=== TASK REQUIREMENTS ===
Would you repeat exactly the part of the listing below that runs from the line containing "Vireous New Season" down to the line containing "One Button Only: Press", inclusive, and nothing else?

=== STUDY MATERIAL ===

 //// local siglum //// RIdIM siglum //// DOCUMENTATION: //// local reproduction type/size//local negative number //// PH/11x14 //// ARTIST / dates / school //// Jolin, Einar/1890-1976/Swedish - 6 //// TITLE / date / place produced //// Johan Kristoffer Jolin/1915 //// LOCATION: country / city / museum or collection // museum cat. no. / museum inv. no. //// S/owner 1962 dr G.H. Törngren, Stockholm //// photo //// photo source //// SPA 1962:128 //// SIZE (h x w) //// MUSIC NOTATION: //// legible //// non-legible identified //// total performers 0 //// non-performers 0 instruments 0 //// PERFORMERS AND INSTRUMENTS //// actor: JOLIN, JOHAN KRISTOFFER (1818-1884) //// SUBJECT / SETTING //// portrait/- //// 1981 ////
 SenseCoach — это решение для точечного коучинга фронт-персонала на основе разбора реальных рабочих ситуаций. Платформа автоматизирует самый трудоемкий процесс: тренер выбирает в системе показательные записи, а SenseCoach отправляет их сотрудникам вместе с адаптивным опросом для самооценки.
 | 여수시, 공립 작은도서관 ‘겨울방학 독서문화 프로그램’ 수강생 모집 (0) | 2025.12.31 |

==

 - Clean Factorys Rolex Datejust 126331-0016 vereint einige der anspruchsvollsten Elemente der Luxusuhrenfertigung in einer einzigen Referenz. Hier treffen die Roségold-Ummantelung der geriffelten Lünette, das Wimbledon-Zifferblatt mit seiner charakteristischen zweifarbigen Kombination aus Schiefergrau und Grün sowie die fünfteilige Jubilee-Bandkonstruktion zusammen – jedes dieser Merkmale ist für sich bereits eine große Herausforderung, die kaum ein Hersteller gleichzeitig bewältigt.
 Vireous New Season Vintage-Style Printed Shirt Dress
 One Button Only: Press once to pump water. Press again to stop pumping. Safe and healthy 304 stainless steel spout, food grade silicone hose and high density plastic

---

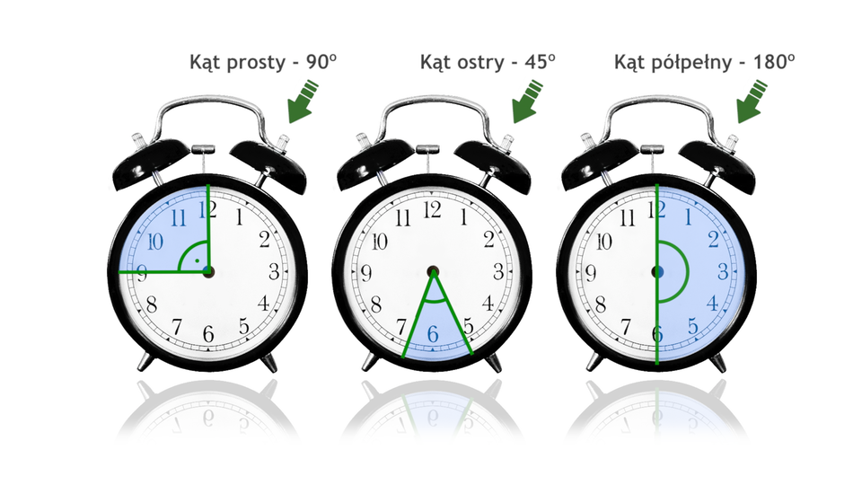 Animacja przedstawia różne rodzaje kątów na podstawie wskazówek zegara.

=== ANSWER SPACE ===
 Vireous New Season Vintage-Style Printed Shirt Dress
 One Button Only: Press once to pump water. Press again to stop pumping. Safe and healthy 304 stainless steel spout, food grade silicone hose and high density plastic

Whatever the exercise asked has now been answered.